At least the Bank’s new Financial Stability Report recognises the central role of ETFs in the current market structure, and lays out a number of areas where regulators should be on guard.
Most importantly, it reminds the industry that it is being watched. And let’s be honest: the ETF industry could occasionally do with some watching.
The specialist in your blog cites the example of ETF Securities’ AIG-backed ETCs, which almost imploded during the financial crisis. That could have been a real black eye for the industry, and it occurred because those exchange-traded commodities were not soundly structured.
ETF Securities still offers a handful of uncollateralised ETCs: several of its oil-based products are backed by the credit of a single company, Royal Dutch Shell. While ETF Securities is very up-front about this – its fact sheet notes: “In the event Shell were to go bankrupt, the ETFs would become an unsecured credit of Shell” – you have to wonder if most investors truly understand the credit risk they are taking.

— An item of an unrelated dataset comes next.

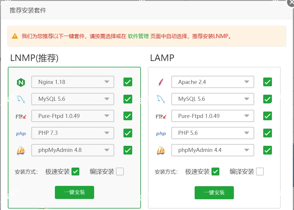 ③一键安装推荐套件:LNMP网站环境是Linux+Nginx+Mysql+PHP的组合搭配网站程序环境,用来快速搭建各种开源的网站程序(WordPress,帝国CMS,织梦,Zblog等)

Would a new issuer now structure an ETC in that way? After Lehman (or, to focus on the energy patch, BP), probably not. And if they did structure it with unsecured credit exposure, they would call it an exchange-traded note.
The ETF Securities ETCs are water under the bridge; they are what they are, and they were designed prior to the financial crisis.
The problem for regulators is that the industry has left them behind. Yes, we do need regulators, but – more importantly – we need good, well-informed, up-to-date regulators.
Take the Bank of England report. Writing about leveraged funds, for example, the authors note that the funds accounted “for around 20% of daily turnover according to contacts” [emphasis added].
According to contacts? That wouldn’t pass muster in most news rooms, and that’s the best the mighty Bank of England can do regarding trading volume?
If regulators really want to catch up and do some good in the ETF space today, they should start with some basic fundamentals, like transparency.
In your blog, Paul, you cite Eddy Wymeersch, chairman of the Committee of European Securities Regulators (CESR), calling for more transparency in ETFs. But the way he calls for that transparency is toothless. You paraphrase Wymeersch as saying it is “the industry’s responsibility to improve transparency, rather than the regulator’s to impose rules.”
Are you kidding me? Haven’t we learned anything from the past few years?
Step one in sound regulation would be to get trading data into the open, so that everyone can see how ETFs trade, what the spreads are, and whether investors are getting pushed around by unsound prices. I know efforts are being made in that direction with Mifid II, but they should be hammered out and fast-tracked as quickly as possible.
Step two would be to force complete disclosure of counterparty risk, fund tracking performance and fund holdings on a day-to-day basis.
Step three…well, we can get to step three later.